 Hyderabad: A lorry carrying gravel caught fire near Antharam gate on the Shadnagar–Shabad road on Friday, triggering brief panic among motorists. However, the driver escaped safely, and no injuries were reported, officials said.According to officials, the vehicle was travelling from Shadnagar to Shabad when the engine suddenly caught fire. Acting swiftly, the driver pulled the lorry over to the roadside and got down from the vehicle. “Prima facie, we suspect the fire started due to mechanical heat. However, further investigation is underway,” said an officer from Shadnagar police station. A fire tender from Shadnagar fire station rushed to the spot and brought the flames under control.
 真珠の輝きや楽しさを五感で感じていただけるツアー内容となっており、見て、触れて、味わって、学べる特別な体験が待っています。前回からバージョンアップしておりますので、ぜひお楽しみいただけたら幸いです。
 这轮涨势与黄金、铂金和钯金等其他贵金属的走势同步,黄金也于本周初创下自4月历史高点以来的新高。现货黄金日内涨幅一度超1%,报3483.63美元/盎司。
....
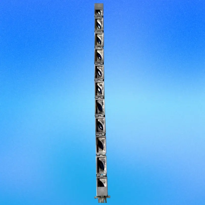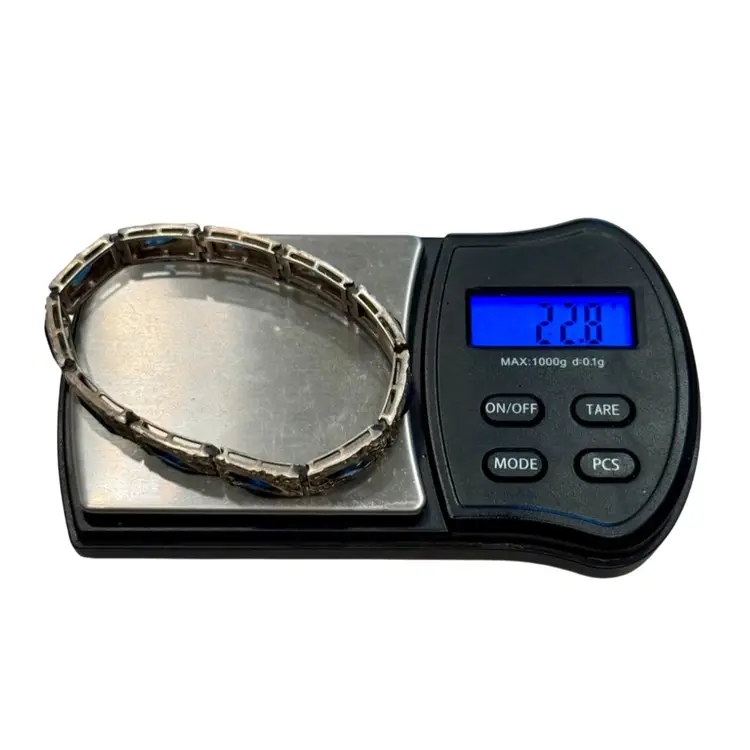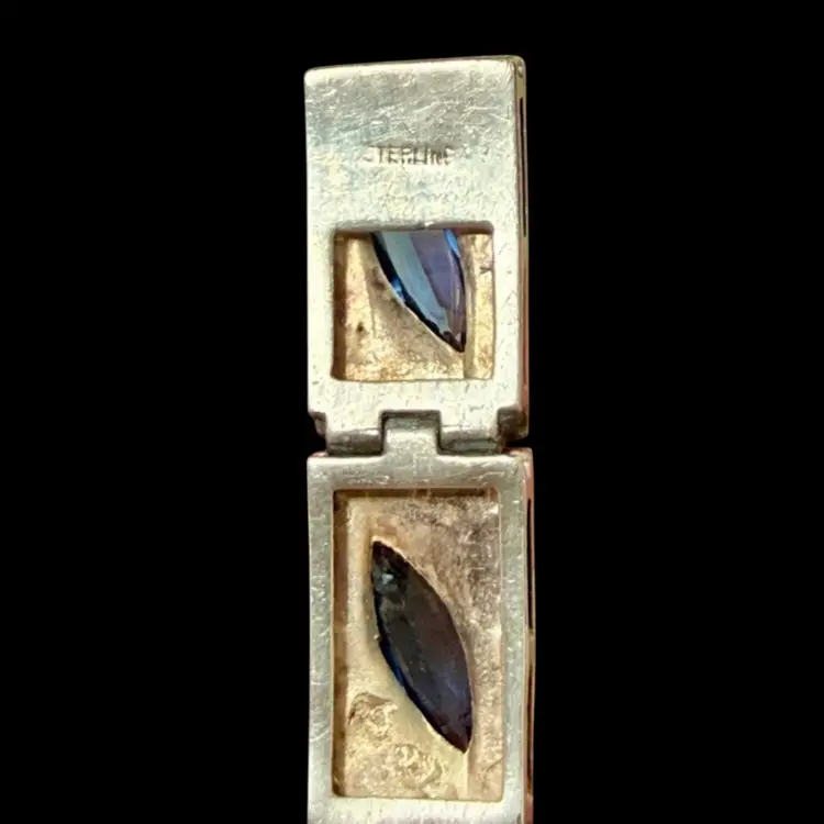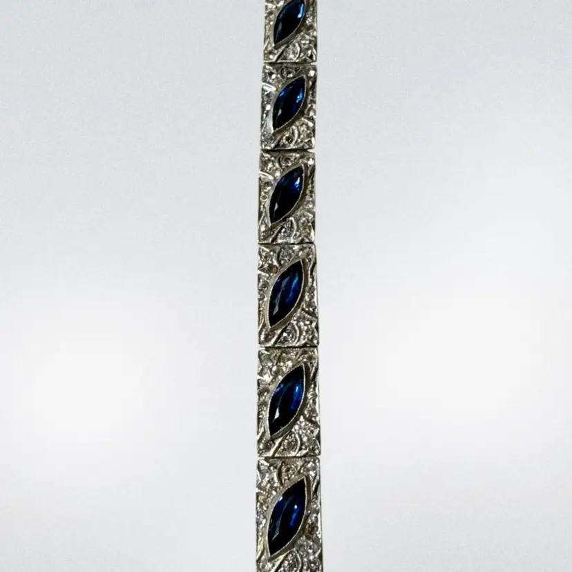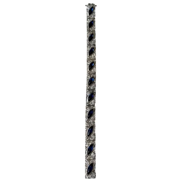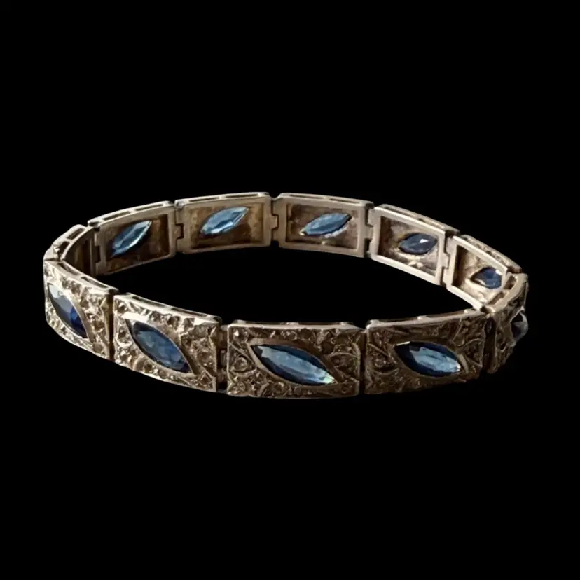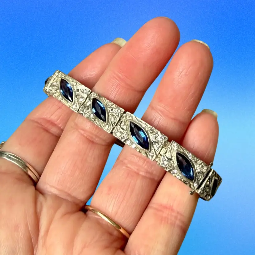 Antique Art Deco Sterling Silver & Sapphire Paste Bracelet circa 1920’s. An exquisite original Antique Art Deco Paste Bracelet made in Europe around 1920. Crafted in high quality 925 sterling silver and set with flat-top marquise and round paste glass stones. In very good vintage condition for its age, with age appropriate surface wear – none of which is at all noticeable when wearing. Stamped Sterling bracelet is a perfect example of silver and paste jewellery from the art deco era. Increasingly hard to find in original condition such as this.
....
• **DIRECTIONS FOR THIS TASK**: Would you retype the lines above from the one with "真珠の輝きや楽しさを五感で感" down to the one with "这轮涨势与黄金、铂金和钯金等", word for word, both ends included and no other lines?

• **YOUR SOLUTION**:
 真珠の輝きや楽しさを五感で感じていただけるツアー内容となっており、見て、触れて、味わって、学べる特別な体験が待っています。前回からバージョンアップしておりますので、ぜひお楽しみいただけたら幸いです。
 这轮涨势与黄金、铂金和钯金等其他贵金属的走势同步,黄金也于本周初创下自4月历史高点以来的新高。现货黄金日内涨幅一度超1%,报3483.63美元/盎司。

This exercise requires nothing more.